久野 これには中央大学の変革が必要です。私の考えとしては、実社会で働くビジネスマンの考えを取り入れることが大事です。商社などの貿易関係の人や、官僚など政界に身を置く人の考えです。他人の意見にすぐ流されるのではなく、反対なら反対と主張できる人材、国際社会のこれからの動きの中で日本がどのようにならなければならないかという信念をもつ人材の育成に力を入れるべきです。

Needless to say, you cannot always assert yourselves in negotiations. You must carefully listen to what others to say and take in some of their proposals. That is an essential process to strike an agreement. Bearing that in mind, you should learn to develop an ability to respect both your own opinions and those of others and lead them up to something better.



-Thank you for your time.




(Interviewed by: Toshihiro Horibe)

Mr. Hisano’s profile


Born in Fukui Prefecture in 1936, Hisano graduated from Chuo’s Faculty of Law in 1958. Aspiring to become a lawyer, he worked as a live-in student at the office of Chuo Professor Hisashi Yoshida during his school days. He joined Taiyo Fishery Co. (now Maruha Nichiro Corp.) in 1963 and served for a while as one of secretaries to Jiro Shirasu, then an outside director of the company (who later became one of closest aides to then Prime Minister Shigeru Yoshida).

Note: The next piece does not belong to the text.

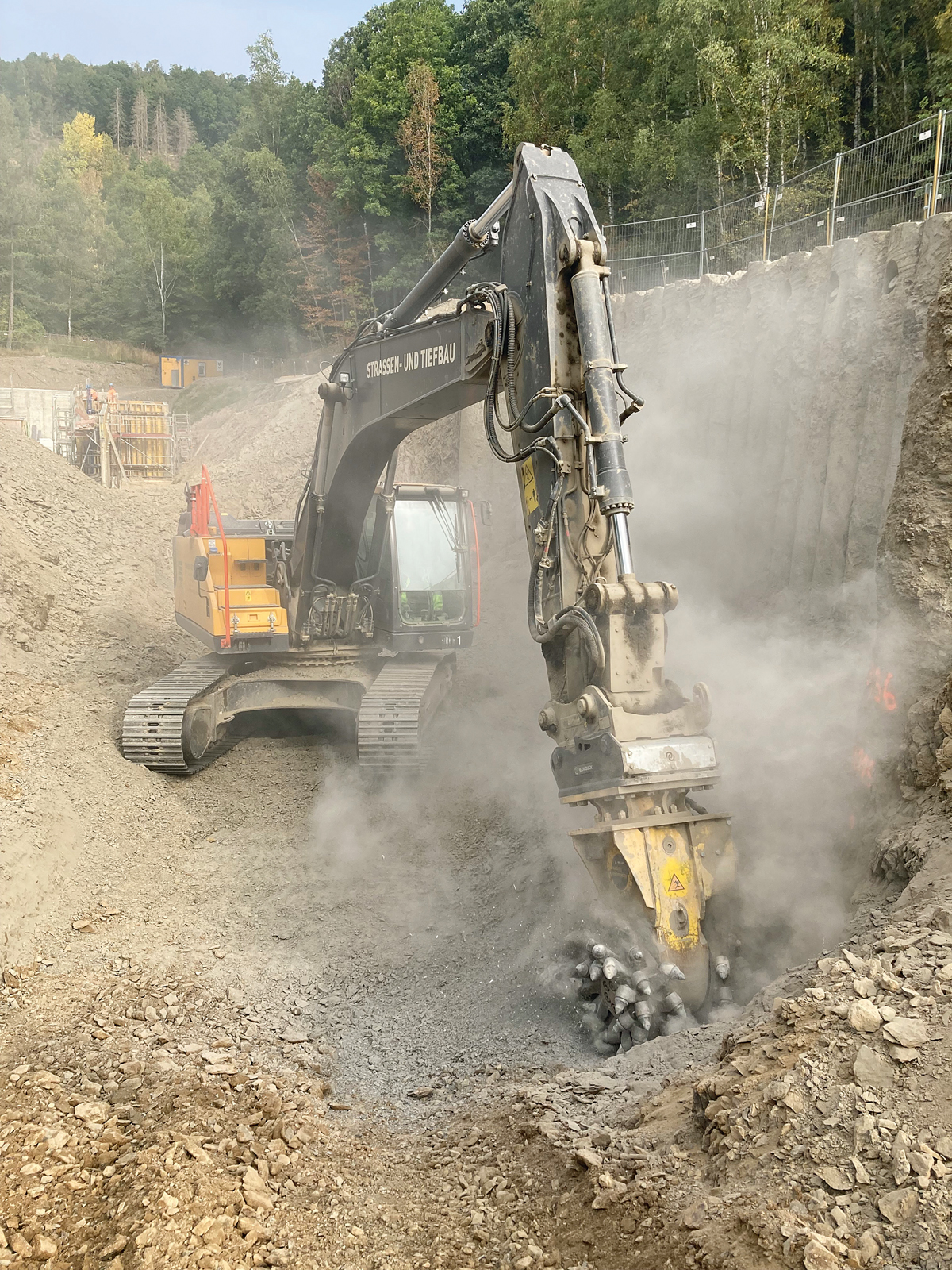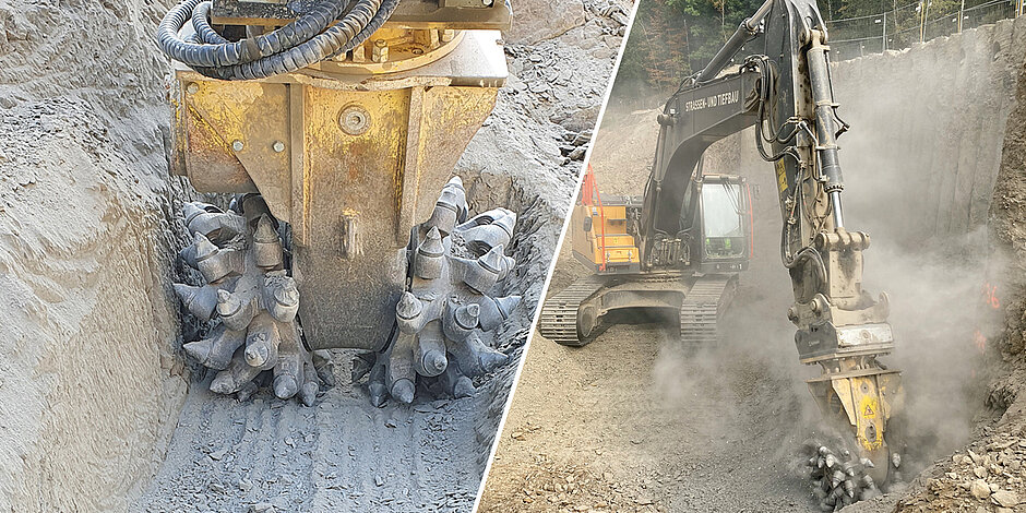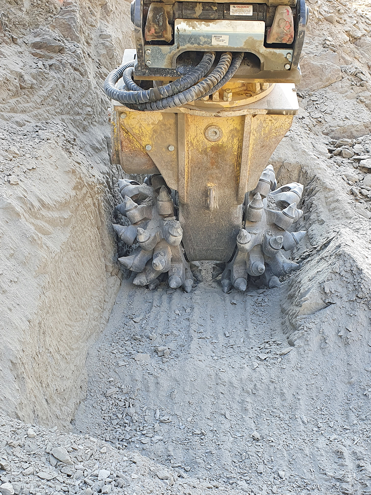 Selbstverständlich, so Epiroc weiter, könne die Fräse beim flächigen Materialabtrag trotzdem nach wie vor schwenkend wie eine alltägliche Querschneidkopffräse eingesetzt werden. Ein weiterer Vorteil der V-Technik ergebe sich beim regelmäßigen Graben für beispielsweise Versorgungsleitungen: Die Fräse kann dann einfach wie ein Grabenlöffel, der Richtung Bagger zeigt, arbeiten und tiefe, senkrechte Gräben in Gestein und Beton erzeugen. Diese Produktneuheit funktioniert auch unter Wasser und lässt sich ohne zusätzliche Installation oder Modifikation bis zu einer Tiefe von 30 Metern verwenden.

Hisano was appointed senior managing director of the company in 1987 and later served concurrently as president of professional baseball team Taiyo Whales (now Yokohama DeNA BayStars). He assumed the presidency of Ensuiko Sugar Refining Co. in 1990 and became chairman of the company in 2005. After serving as chairman of Chuo’s Board of Regents from 2008 to 2012, he was appointed chairman of the Chuo Alumni Association in 2013. He was decorated with the Order of the Rising Sun in 2006.